Hard disk hava a minimum unit of information storage so for example if you are writing a single byte the operating system asks for the disk to store a unit of storage (I think that the minimum is 512 bytes). So you ask for writing one byte and the operating system writes much more. If you ask to store 512 bytes with 512 calls you end up doing a lot more I/O (512 disk operations) that buffering 512 bytes and issuing only one call (1 disk operation).
As the name suggests, BufferedWriter uses a buffer to reduce the costs of writes. If you are writing to file, you might know that writing 1byte or writing 4kbytes roughly costs the same. The time required to perform such write is dominated by the access time (~8ms) which is the time required by the disk to rotate and to seek the right sector.
Additionally, aggregating small writes in a bigger one allows you to reduce the overhead on the operating system, achieving better performances.
Most of the operating systems do have an internal buffer to cache writes. However, these caches tries to figure out what the application is doing, by analyzing the write patterns. If the application itself is able to perform that caching, and perform a write only when the data is ready, the result (in terms of performance) is better.
Reading Thinking in Java 4th ed. I've got some doubts about I/O operations performance:
I've read that it's better to "wrap" InputStream objects in BufferedInputStream, but in my mind I can't see any difference.

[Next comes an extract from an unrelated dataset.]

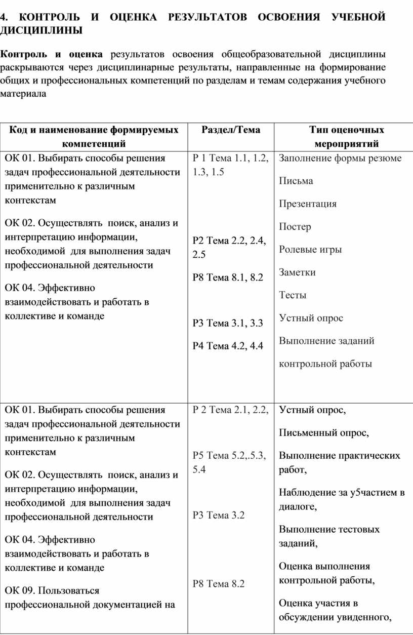 4. КОНТРОЛЬ И ОЦЕНКА РЕЗУЛЬТАТОВ ОСВОЕНИЯ учебной ДИСЦИПЛИНЫ

Isn't i.e. file operations already buffered? What's the advantages of file buffered write?
The system's IO buffering is on a different level than the Buffered*putStream.
Each call on FileOutputStream.write(...) induces a native method call (which is typically more costly than a java-internal call), and then a context switch to the OS' kernel to do the actual writing. Even if the kernel (or the file system driver or the harddisk controller or the harddisk itself) is doing more buffering, these costs will occur.
By wrapping a BufferedOutputStream around this, we will call the native write method only much less often, thus allowing much higher throughput.
(The same is valid for other types of IO, of course, I just used FileOutputStream as an example.)
Isn't i.e. file operations already buffered?
Maybe, maybe not - depending on the OS, the HD used, the way of access (e.g. reading big consecutive blocks vs randomly accessing small blocks all over the place), etc. In the worst case, adding a BufferedInputStream probably won't harm performance noticeably. In the best case, it can improve it by magnitudes (replacing many little file accesses by one big read/write).
An InputStream will only request as much data as you request, so if you request 1000 characters one character at a time, that will turn out to be 1000 seperate disk accesses, which will become pretty slow.
A BufferedInputStream however will request data from the InputStream in larger chunks, thus reducing the need for seperate disk accesses.
The same goes for output, instead of writing every character seperately, there are fewer physical disk writes with a BufferedOutputStream.